A tissue that acts in the same way is a special layer of cells in the central plane of many legume leaves (extended bundle sheath system or paraveinal mesophyll). It consists of scavenging cells with active H+-ATPases and accumulates amino acids, stores them and forwards them to developing seeds via the phloem.
Jagged ‘teeth’ on the margins of many leaves also contain scavenging cells (Figure 3.33). Veins carry large volumes of the xylem sap to these points, where evaporation is especially rapid. Within a ‘tooth’, xylem strands end in a spray of small vessels among a bed of scavenging cells. Scavenging cells can thereby collect amino acids and load them into the phloem.
(c) Solute excretion
Not all the solutes of the transpiration stream are welcome back in the plant body.
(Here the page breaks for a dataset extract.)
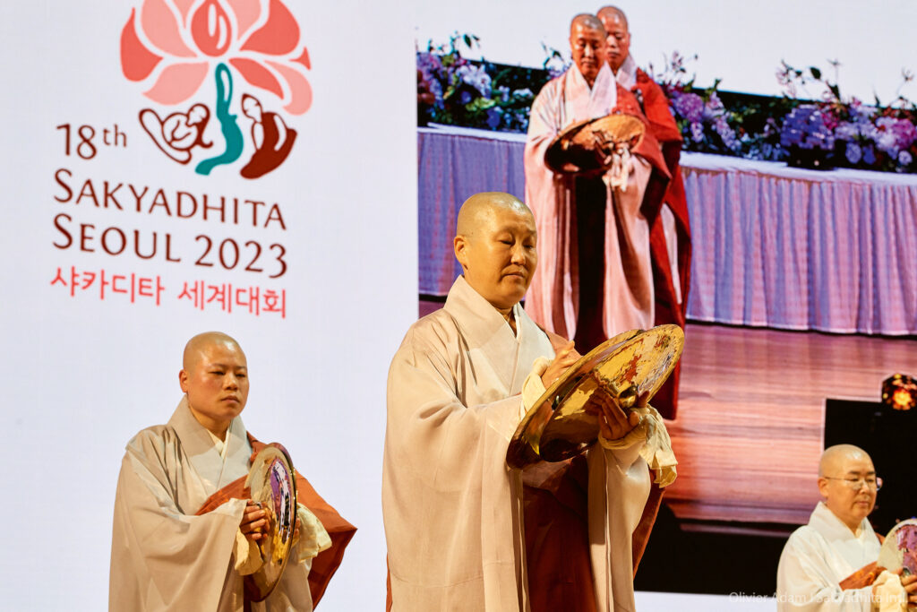 Doch wie lässt sich den aktuellen Herausforderungen mit einem klareren Kopf begegnen, mit offenem Herzen und mehr Gleichmut? Diese Frage stellten sich rund dreitausend ordinierte und nicht ordinierte buddhistische Frauen auf dem jüngsten Kongress der buddhistischen Frauenorganisation Sakyadhita International. Alle zwei Jahre lädt sie zu einem internationalen Treffen ein. 2023 fand es im südkoreanischen Seoul statt; auch einige Männer waren unter den Teilnehmenden.
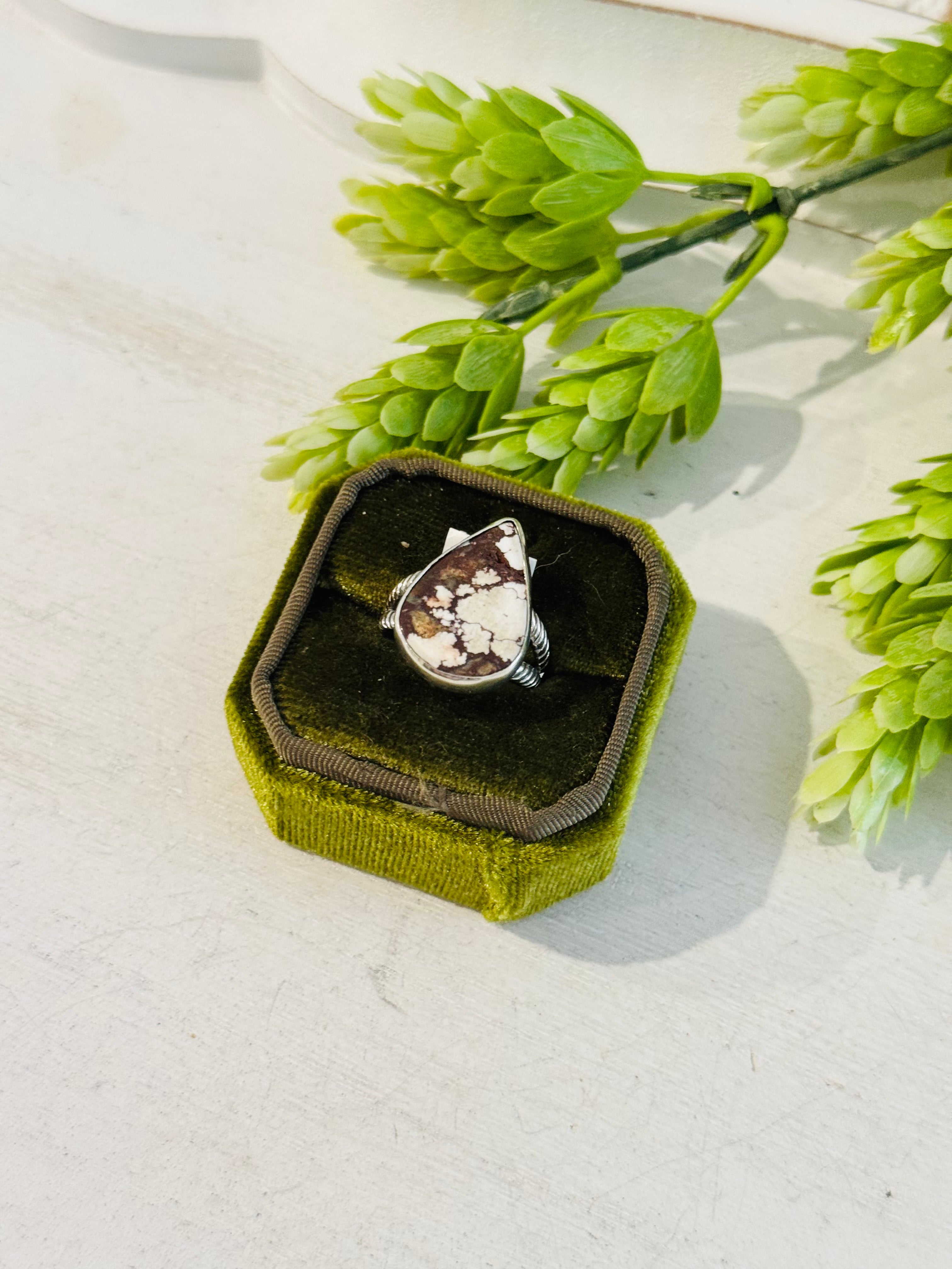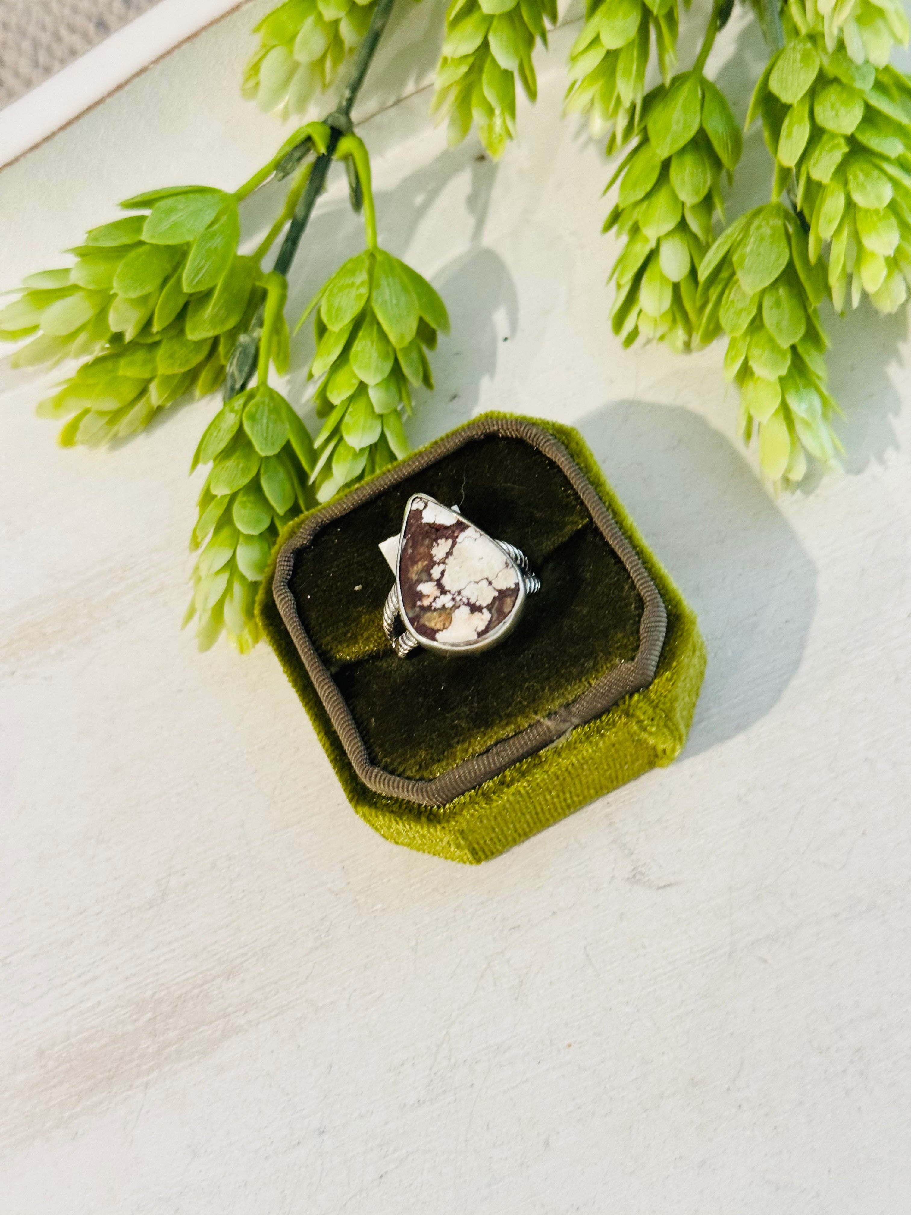 Southwest Made Wild Horse & Sterling Sliver Ring Size 7.5. It measures 7/8 of an inch long and 5/8 of an inch wide.

Some, such as calcium, are immobilised in insoluble compounds (calcium oxalate crystals) and shed when leaves fall. Others are excreted through the surface of living leaves. A striking excretion system is found along the margin of maize leaves. Here the outermost vein has a single very wide vessel. Rapid evaporation from the exposed leaf edge cooperates with this low-resistance vessel to draw to the leaf margin all residual solutes that have not been taken out of the stream by other veins. Thus foreign material (like dyes) accumulates in this outermost vessel. The vein sheath is missing from the outer part of this vein so that vessels abut directly the airspace at leaf margins (Canny 1990). Solutes are excreted from this marginal vein, dissolved out by rain and dew, and, more actively, at night time by guttation fluid when there is positive pressure in the xylem. A similar accumulation of dye from the transpiration stream is shown along the margin of a eucalyptus leaf in Figure 3.34.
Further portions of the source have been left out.